LINCOLN, Nebraska — Nearly 57,000 Nebraska residents will continue to receive tax subsidies for federal health care insurance plans now that the U.S. Supreme Court has rejected conservatives' challenge to the Affordable Care Act.
The 6-3 ruling on Thursday helps avoid a situation in which premiums could have soared for Nebraska's entire individual insurance market, possibly forcing many recipients to drop their coverage.
Here are some key things to know about the ruling and its impact on Nebraska:
HOW DID NEBRASKA BECOME INVOLVED?
All states were required to have a health care marketplace where consumers could comparison shop for insurance. The law gave states the option of creating and running their own marketplace, defaulting to one set up by the federal government or taking a hybrid approach.
Nebraska was one of 34 mostly conservative states that defaulted to the federal marketplace rather than creating its own.
At issue in the court case was whether states with the federal marketplace should qualify for tax credits to help with the cost of health insurance. Challengers to the law argued that its literal wording only allowed subsidies for marketplaces "established by the state," while the Obama administration said the law's intent was to provide subsidies to all qualified enrollees.
WHY DID NEBRASKA OPT AGAINST A STATE-RUN MARKETPLACE?
Former Gov. Dave Heineman announced in 2012 that Nebraska would join a marketplace set up by the federal government.
The Republican vehemently opposed the federal health care law, said that the federal option was cheaper for the state and argued that state-run models were still heavily controlled by the federal government.
A new state oversight commission agreed in December. The Nebraska Exchange Stakeholder Commission said building a state-run marketplace would prove "difficult at best," given the lack of federal funding and problems some other states experienced with their systems.
Some advocacy groups that support the law say Nebraska should have chosen a state-run marketplace to provide more local control. Proponents point to states like Kentucky, whose state marketplace has been touted as a success.
WHY ARE THE TAX CREDITS SO IMPORTANT?
The tax credits were created to help cover the cost of insurance for low- and middle-income Americans, including in Nebraska. Had the court struck them down, premiums in Nebraska could have soared by an average of 265 percent.
Nebraska receives an average of $14.6 million a month — about $257 per enrollee — to help pay for premiums, according to the Kaiser Family Foundation.

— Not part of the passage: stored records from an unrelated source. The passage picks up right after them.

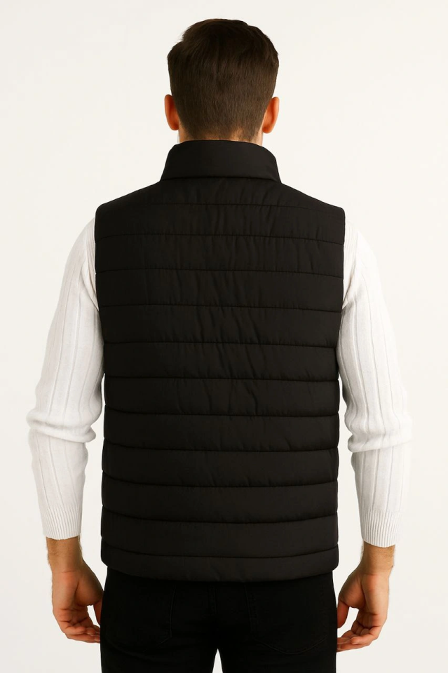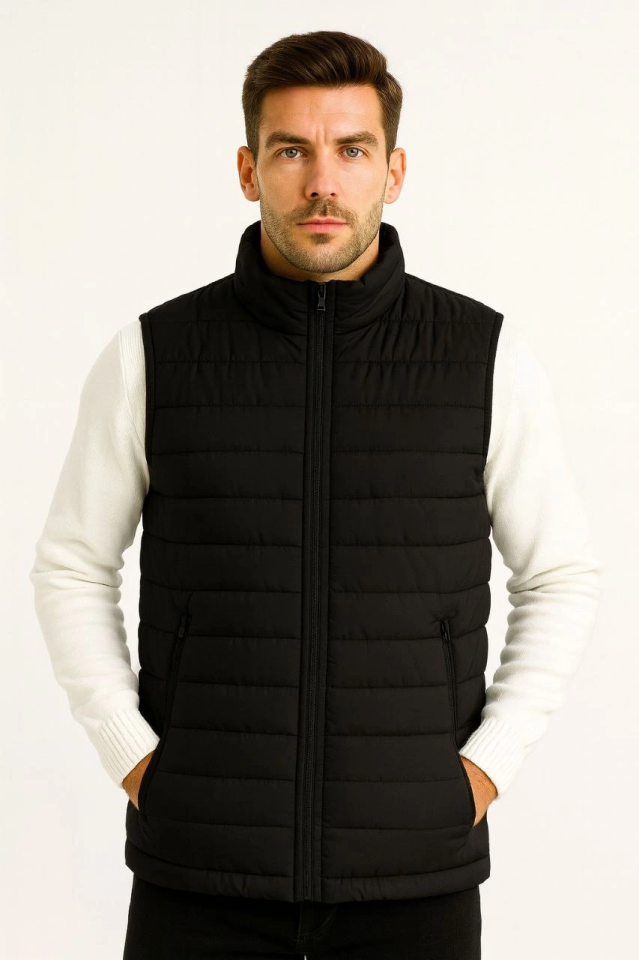 Erkek Şişme Fermuarlı Yelek Su Itici Kapitone Astarlı Kumaş Cepli Hafif Kışlık Spor Rahat Kalıp – Siyah
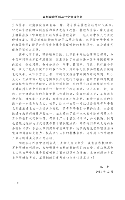 审判理念更新与社会管理创新:包头中级人民法院研讨文集👈点击保存
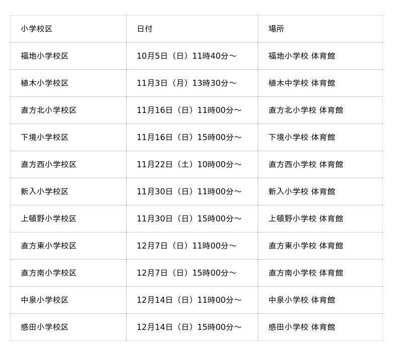 対 象 者: 対象の小学校区内に住んでいる人・働いている人
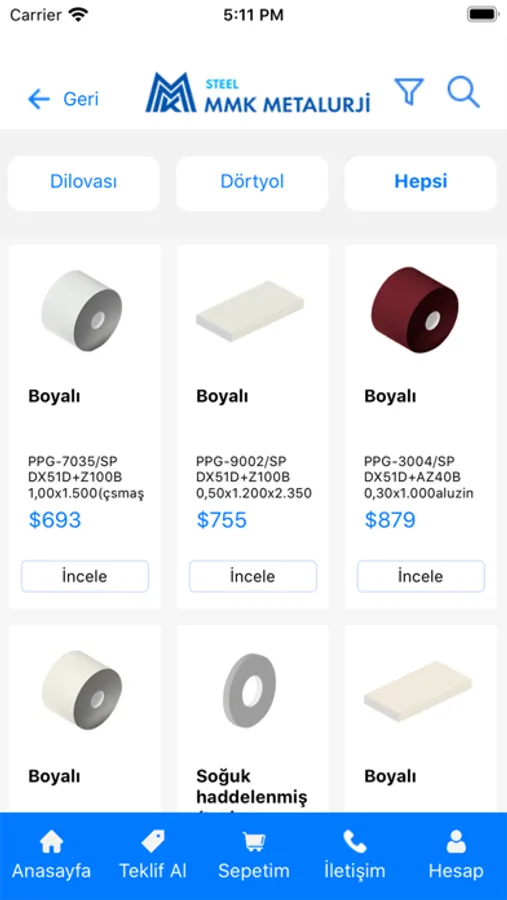 Türkiye'nin önde gelen sanayi kuruluşları arasında olan MMK Metalurji'nin ürünlerinden daha hızlı ve daha kolay bir şekilde stok kontrolü yapabilir, uygulama üzerinden sipariş verebilirsiniz.
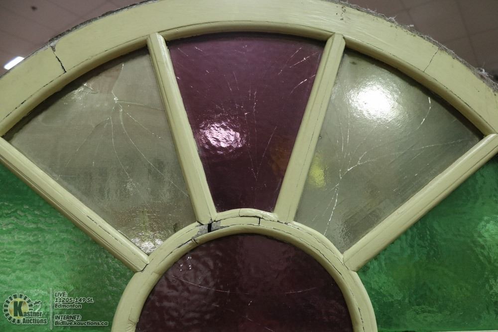 ANTIQUE CATHEDRAL STAINED GLASS WINDOW 3FTX6.5FT
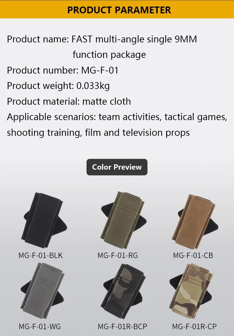 Caja de revistas multifunción individual táctica, bolsa de equipo de accesorios, paquete de función de camuflaje individual multiángulo rápido de 9mm
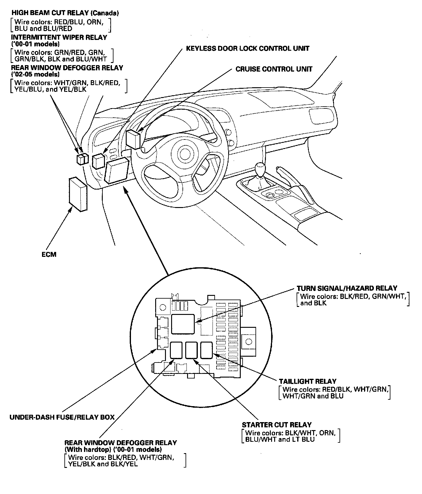 Relay And Control Unit Locations - Dashboard And Door:

Eliminating the tax credits likely would have raised prices for the entire individual marketplace, and not just for those who receive them, because younger and healthier people who help subsidize the pool would have been more likely to drop their plans.
DOES THIS END THE DEBATE?
While the case was viewed as the last serious challenge to the federal health care law, supporters in Nebraska say they plan to push for more. Opponents remain fervently against it.
An advocacy group for low-income Nebraska residents praised the decision Thursday but argued the state still needs to expand Medicaid coverage under the federal health care law. State lawmakers have rejected expansion attempts three times in as many years.

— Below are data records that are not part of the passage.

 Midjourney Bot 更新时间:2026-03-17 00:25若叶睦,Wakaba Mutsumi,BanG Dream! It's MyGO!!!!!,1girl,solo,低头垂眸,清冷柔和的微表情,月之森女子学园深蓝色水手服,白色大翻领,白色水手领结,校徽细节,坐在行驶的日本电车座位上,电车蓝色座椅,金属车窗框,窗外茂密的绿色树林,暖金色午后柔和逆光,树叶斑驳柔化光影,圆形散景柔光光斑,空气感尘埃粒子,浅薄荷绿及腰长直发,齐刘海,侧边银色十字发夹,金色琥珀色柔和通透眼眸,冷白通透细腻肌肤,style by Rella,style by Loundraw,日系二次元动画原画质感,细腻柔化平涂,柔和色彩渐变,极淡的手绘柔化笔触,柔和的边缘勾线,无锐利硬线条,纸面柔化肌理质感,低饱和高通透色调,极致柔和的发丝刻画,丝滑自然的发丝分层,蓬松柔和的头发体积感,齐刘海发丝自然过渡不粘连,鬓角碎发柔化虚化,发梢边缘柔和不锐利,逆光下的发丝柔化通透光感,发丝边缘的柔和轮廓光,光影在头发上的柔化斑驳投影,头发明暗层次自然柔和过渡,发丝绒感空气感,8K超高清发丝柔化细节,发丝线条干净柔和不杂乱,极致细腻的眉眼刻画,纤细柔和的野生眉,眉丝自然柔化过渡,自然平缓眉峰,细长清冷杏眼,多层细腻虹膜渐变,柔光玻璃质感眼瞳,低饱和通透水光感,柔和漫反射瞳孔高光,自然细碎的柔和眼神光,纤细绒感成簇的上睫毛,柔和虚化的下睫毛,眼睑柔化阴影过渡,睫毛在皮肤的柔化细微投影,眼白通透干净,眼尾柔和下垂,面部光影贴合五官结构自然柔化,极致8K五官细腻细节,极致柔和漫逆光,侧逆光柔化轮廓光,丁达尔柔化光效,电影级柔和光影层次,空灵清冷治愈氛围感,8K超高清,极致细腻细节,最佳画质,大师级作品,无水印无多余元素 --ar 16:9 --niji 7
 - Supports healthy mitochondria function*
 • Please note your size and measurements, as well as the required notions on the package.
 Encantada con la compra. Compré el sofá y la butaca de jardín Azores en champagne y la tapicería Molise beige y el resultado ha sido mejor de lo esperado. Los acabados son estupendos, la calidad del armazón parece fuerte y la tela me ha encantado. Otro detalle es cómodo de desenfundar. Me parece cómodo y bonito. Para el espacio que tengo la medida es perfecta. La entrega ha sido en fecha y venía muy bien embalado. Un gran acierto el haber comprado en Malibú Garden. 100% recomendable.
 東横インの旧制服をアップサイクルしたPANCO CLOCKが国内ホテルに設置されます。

"Today's ruling underscores that we should fully implement all the opportunities under the ACA to strengthen our health care system and improve Nebraskans' lives," said James Goddard, an attorney for Nebraska Appleseed. "The next step should be to expand Medicaid and ensure every Nebraskan can get health coverage."
Groups that opposed the law argued it will continue to impose a regulatory burden.
"Although the Supreme Court upheld these controversial subsidies, that doesn't mean that families, individuals, or businesses here in Nebraska will see any relief from the harmful effects of this law," said Matt Litt, state director of Americans for Prosperity-Nebraska.